Hahaha that made me laugh :lol:


----------



## Contest (Oct 4, 2011)

SK50 said:


> I used to like Elliott Hulse but have been really disappointed by all his philosophical BS lately. The guy got carried away with himself.


Agree with this. His earlier video's were full of great information and tips. Recently its just been a load of bullsh1t.

I quite enjoy watching videos by bios3training (Jerry Ward) these days.

I used to enjoy watching TigerFitness as well but recently his videos have been quite a waste.


----------



## SK50 (Apr 7, 2013)

Contest said:


> Agree with this. His earlier video's were full of great information and tips. Recently its just been a load of bullsh1t.
> 
> I quite enjoy watching videos by bios3training (Jerry Ward) these days.
> 
> I used to enjoy watching TigerFitness as well but recently his videos have been quite a waste.

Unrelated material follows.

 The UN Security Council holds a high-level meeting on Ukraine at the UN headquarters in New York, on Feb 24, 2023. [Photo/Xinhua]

I think they run out of ideas - there's only so many training topics they can do, I guess. Then once they get a following they start chasing youtube hit numbers to get ad revenue - ends up basically being spam.


----------



## NovemberDelta (Apr 17, 2011)

Jeff Seid - I don't hate him but the only video I saw of him he said "don't eat egg yolks because they have 4g carbs in them."

Wow.

For a bit of a laugh this guy is good -


----------



## Mince Pies (Dec 3, 2014)

I'm a massive fan of POG and beastmodes Chris Jones and the swole nerd Vince. Chris knows his stuff and i use his vlogs to sort out my form and it has helped over a period of 6 months, i find i can spend less time in the gym but make the same gains, or at least feel that those areas have been properly worked. The fact you see into every aspect of his life i guess you can make a connection and his presenting style is relaxed and entertaining comes across and a normal genuine and truthfully natty guy so i have much respect for what he has achieved as hes bigger than some of the juiced guys. I follow IIFYM and intermittent fasting style of diet so his methods suit me as well. He also gives away a lot of info free while still having to make a living from fitness.

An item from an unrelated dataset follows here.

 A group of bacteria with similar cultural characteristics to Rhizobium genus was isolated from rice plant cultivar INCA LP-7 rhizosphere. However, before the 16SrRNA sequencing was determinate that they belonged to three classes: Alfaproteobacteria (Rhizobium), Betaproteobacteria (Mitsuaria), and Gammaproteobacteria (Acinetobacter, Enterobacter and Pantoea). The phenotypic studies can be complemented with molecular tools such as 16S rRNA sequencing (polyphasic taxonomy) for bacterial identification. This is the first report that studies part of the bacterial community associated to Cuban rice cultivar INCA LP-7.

Also a fan of Althean-X Jeff Cavalerie, very knowledgeable has the qualifications to back up the science and he's good at showing you what not to do and why certain things are a waste of time. Also like scooby.

The hodge twins are a kind of fitness channel parody, they still make me laugh but yes its the same ole shizzle every video and i know i'll soon get sick of it. They must be doing something right with 1 millions subs?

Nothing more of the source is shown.